Assignment
Only the lines from the one containing "Hypnotic lace mini" through the last line below belong in your copy; transcribe them exactly and omit any pictures.

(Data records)

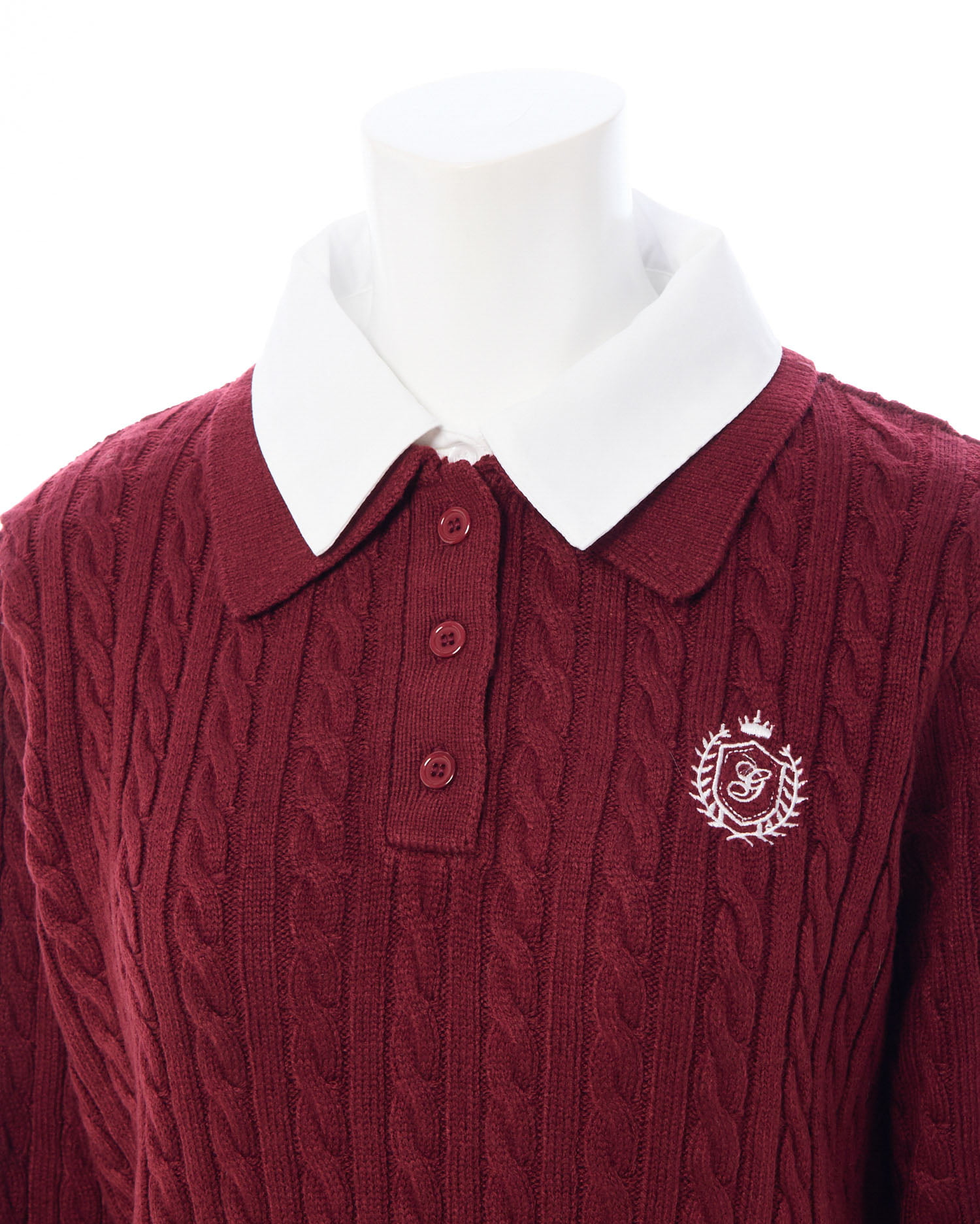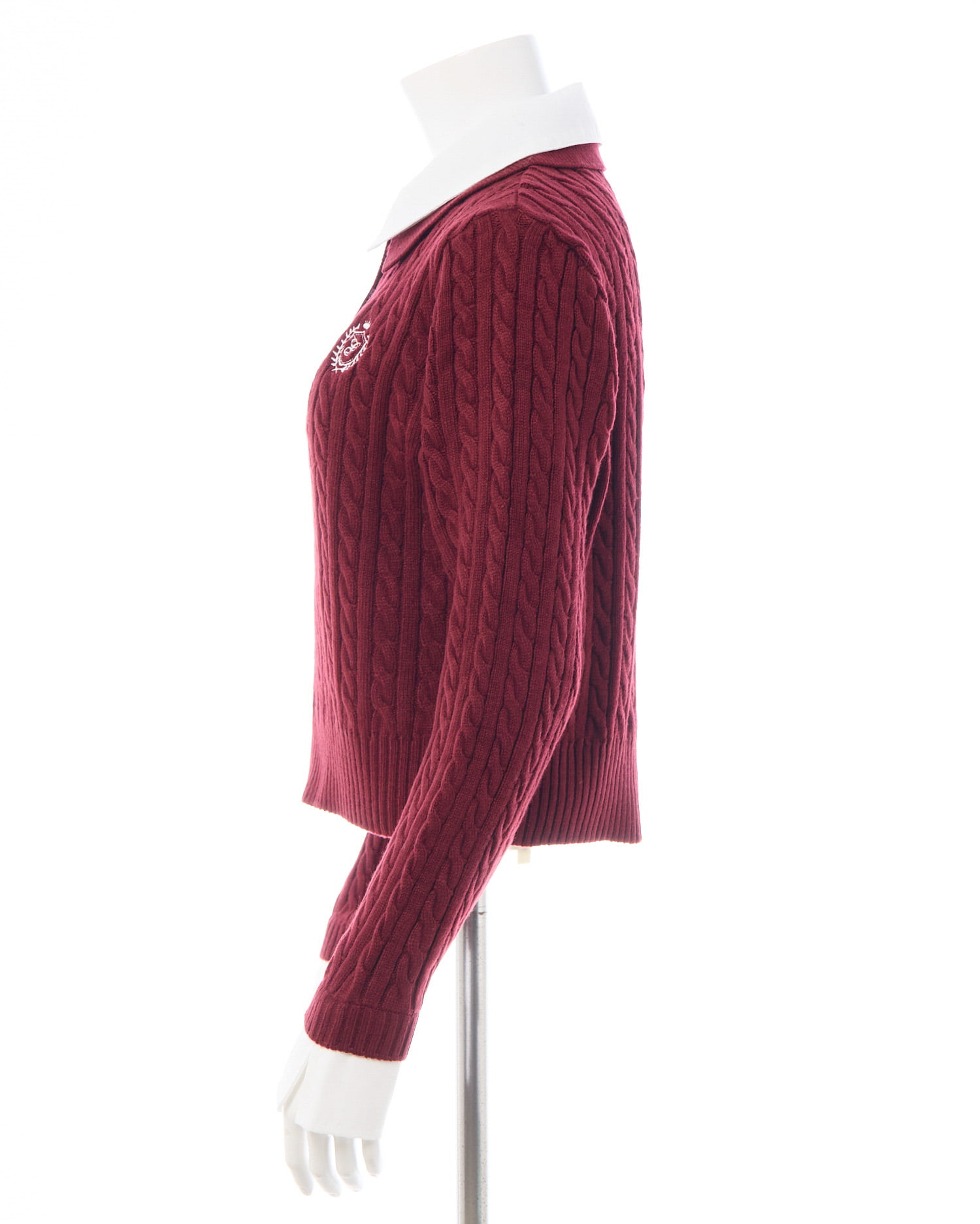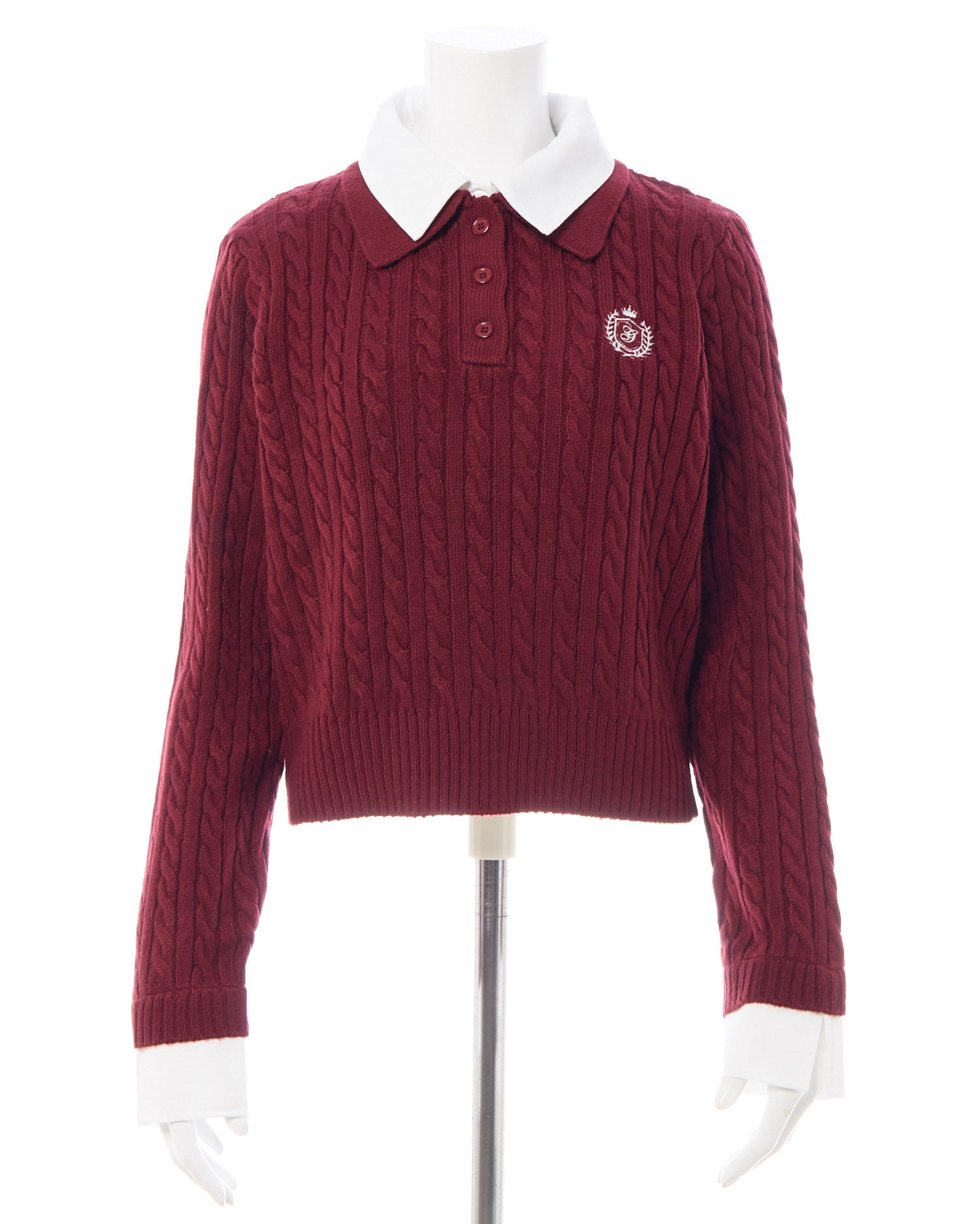 • INGNI(イング) ダブルカラーケーブルポロニット ボルドー/オフホワイト
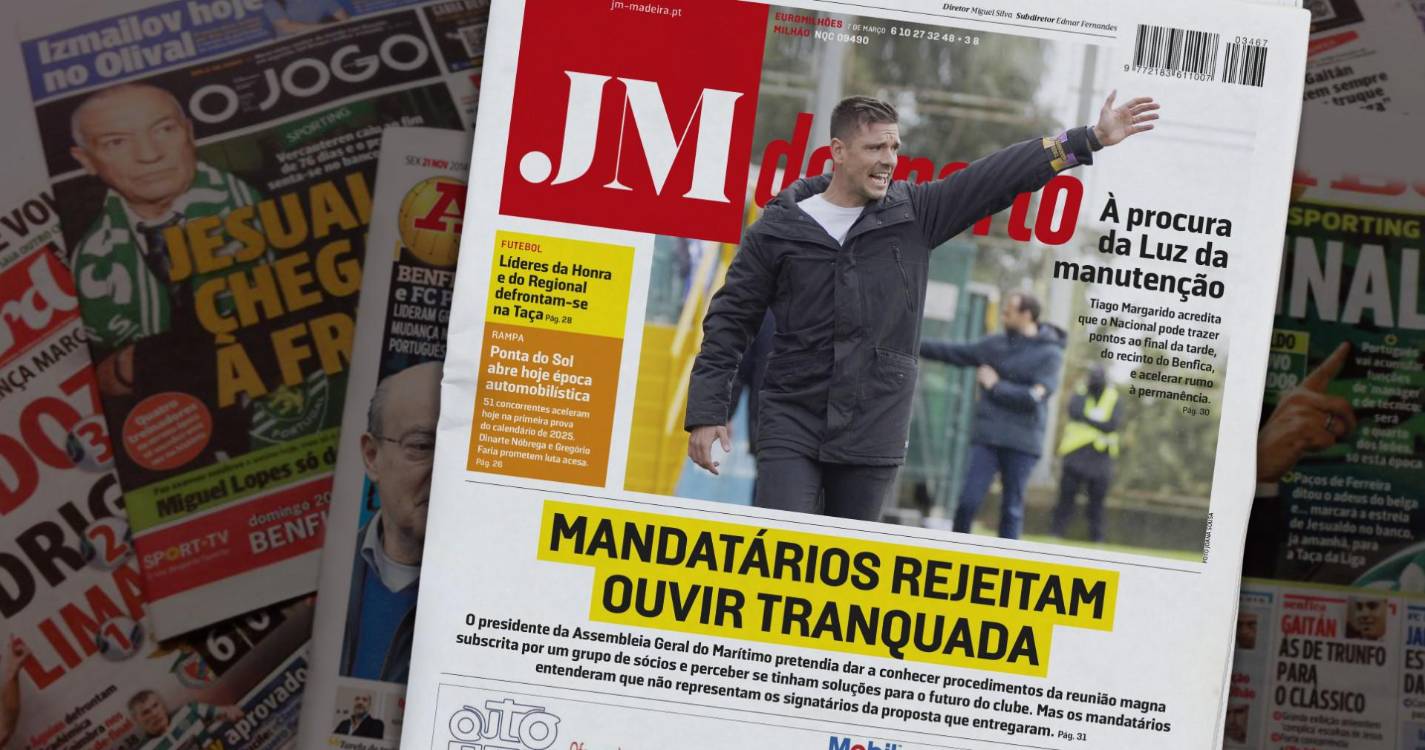 A Capa Desportiva do seu Jornal destaca ainda o Nacional. À procura da Luz da manutenção. Tiago Margarido acredita que o Nacional pode trazer pontos ao final da tarde, do recinto do Benfica, e acelerar rumo à permanência.
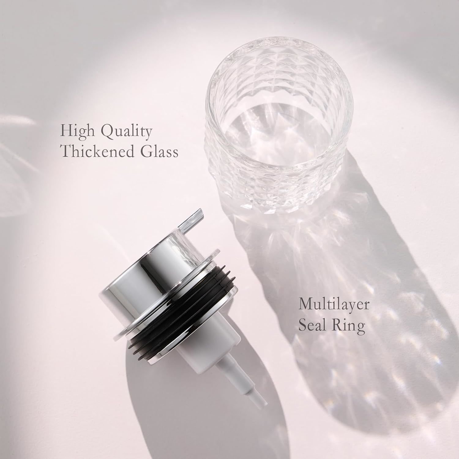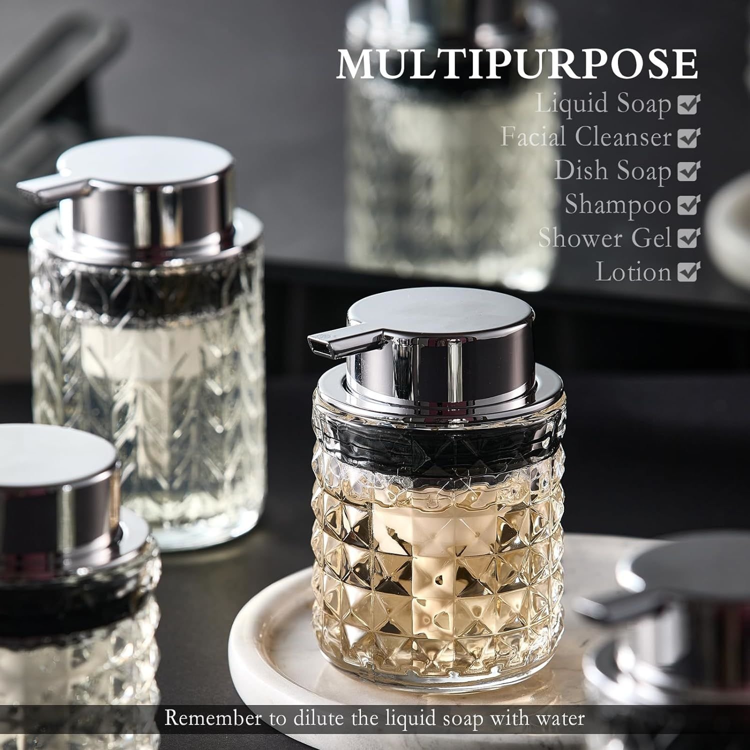 2.High-End Craftsmanship: This soap dispenser, featuring a robust clear glass body and a silver pump, is designed to endure daily use while maintaining its stylish appeal. A prime mix of durability and design excellence.(1 part liquid soap and about 2 - 5 parts water, or using foaming soap refill.)
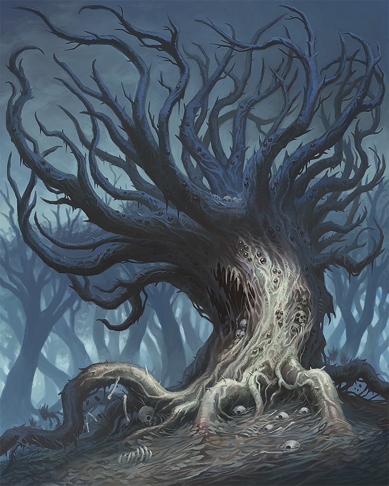 Now, in 5.5E, there’s a high-level creature known as the Gulthias Blight. This twisted tree is rotten with evil. It feeds on blood and despoils the land around it – and what makes it a particularly powerful final boss monster is the fact that it can create an army of blights. Twig blights, needle blights, vine blights; they can all be spawned from the 1d6 seeds expelled every time this creature finishes a long rest. With enough time, the blights might drown the living, especially since this tree can keep itself alive on any creature that is brought to it to be drained of blood.
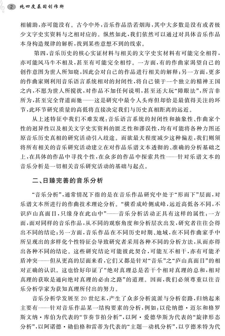 《纯四度基因创作析》从“纯音程四度”小小着眼点出发,追根溯源,旁征博引,上通下达,
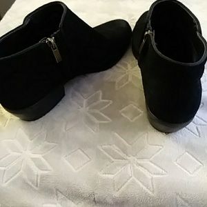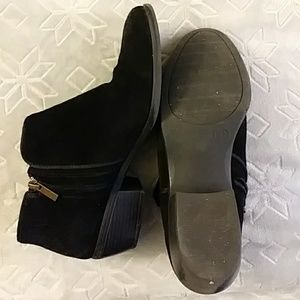 Totes New York black suede ankle boots with brass zipper, comfort and style!
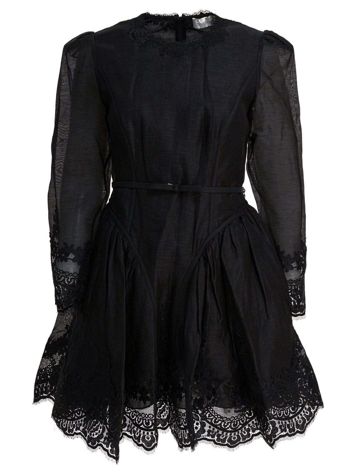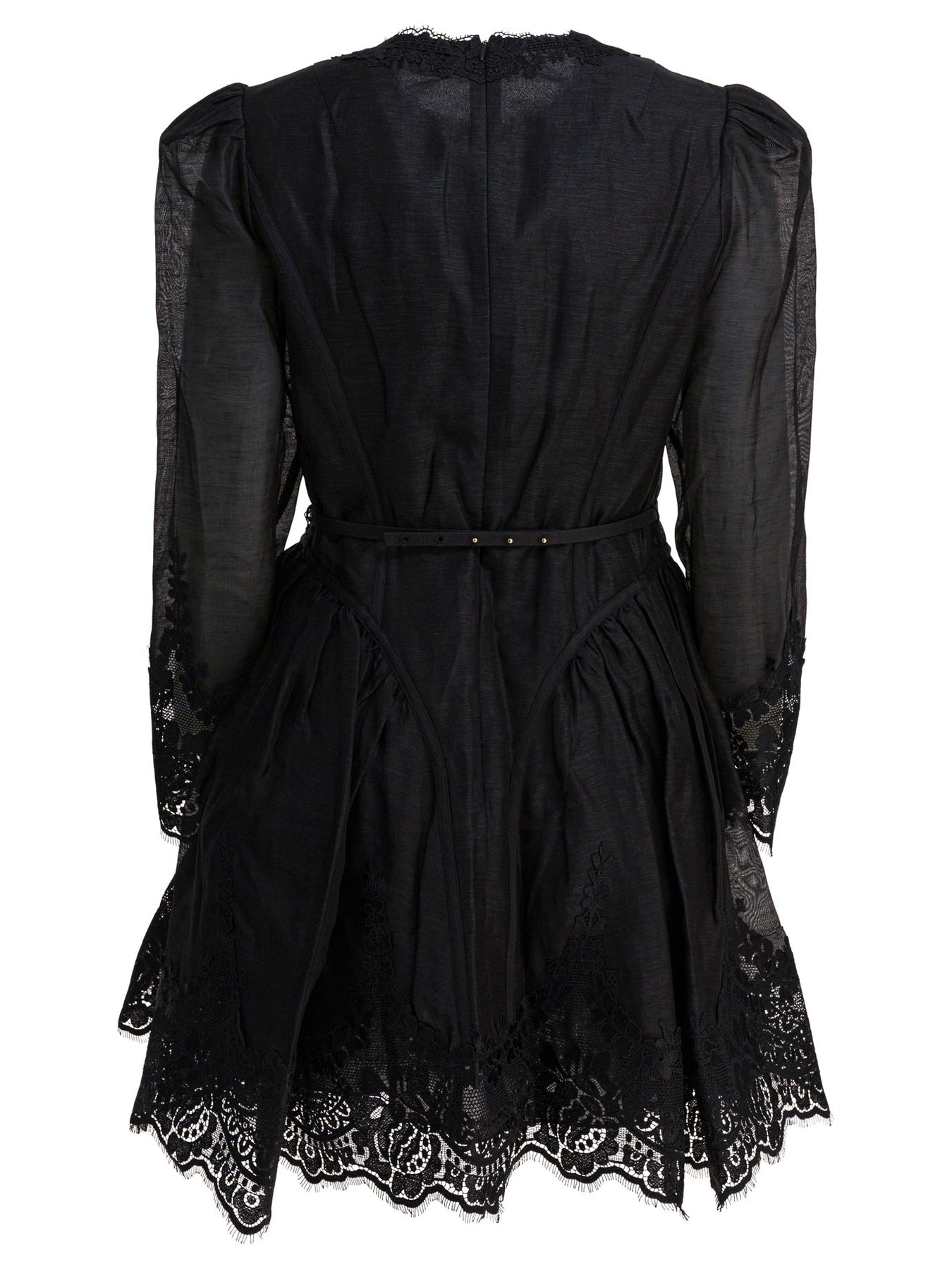 Hypnotic lace mini dress Zimmermann made of silk and linen. The construction features a flared silhouette, defined by a wide skirt enriched with tulle inserts that add volume. The garment features a rounded neckline, long sleeves with gathered shoulders and lace trim applied to the neckline, cuffs and hem. Back closure with invisible zipper and inner lining. Removable belt with matching bow. || - Solid color - Flared - Long sleeves - Lace details on neckline, cuffs and hemline - Tulle inserts in skirt - Removable belt with bow - Gathered shoulders - Invisible back zipper closure - Lined garment - Composition: 53% linen, 47% silk - Regular fit
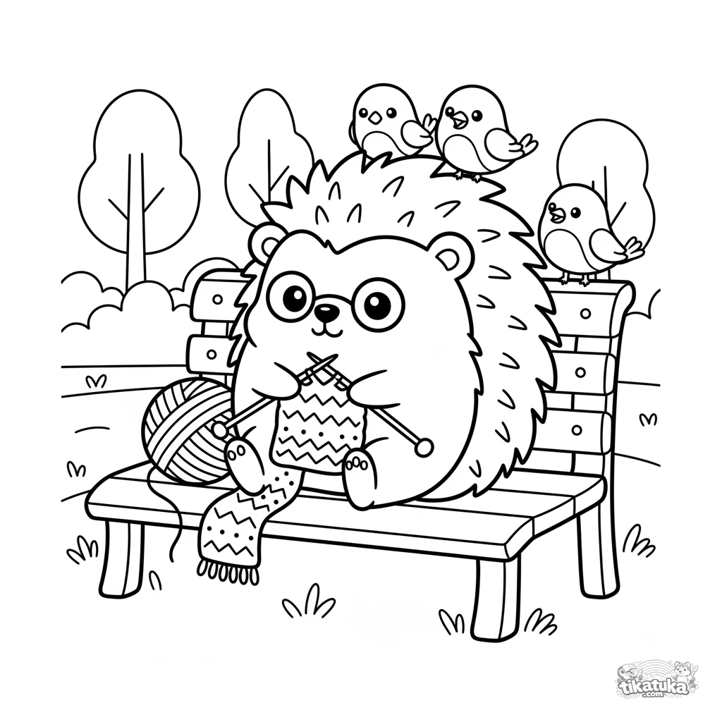 Página para colorear para niños de 4-6 años: un erizo tierno tejiendo una bufanda. Estilo kawaii, composición simple.

Response below
 Hypnotic lace mini dress Zimmermann made of silk and linen. The construction features a flared silhouette, defined by a wide skirt enriched with tulle inserts that add volume. The garment features a rounded neckline, long sleeves with gathered shoulders and lace trim applied to the neckline, cuffs and hem. Back closure with invisible zipper and inner lining. Removable belt with matching bow. || - Solid color - Flared - Long sleeves - Lace details on neckline, cuffs and hemline - Tulle inserts in skirt - Removable belt with bow - Gathered shoulders - Invisible back zipper closure - Lined garment - Composition: 53% linen, 47% silk - Regular fit
 Página para colorear para niños de 4-6 años: un erizo tierno tejiendo una bufanda. Estilo kawaii, composición simple.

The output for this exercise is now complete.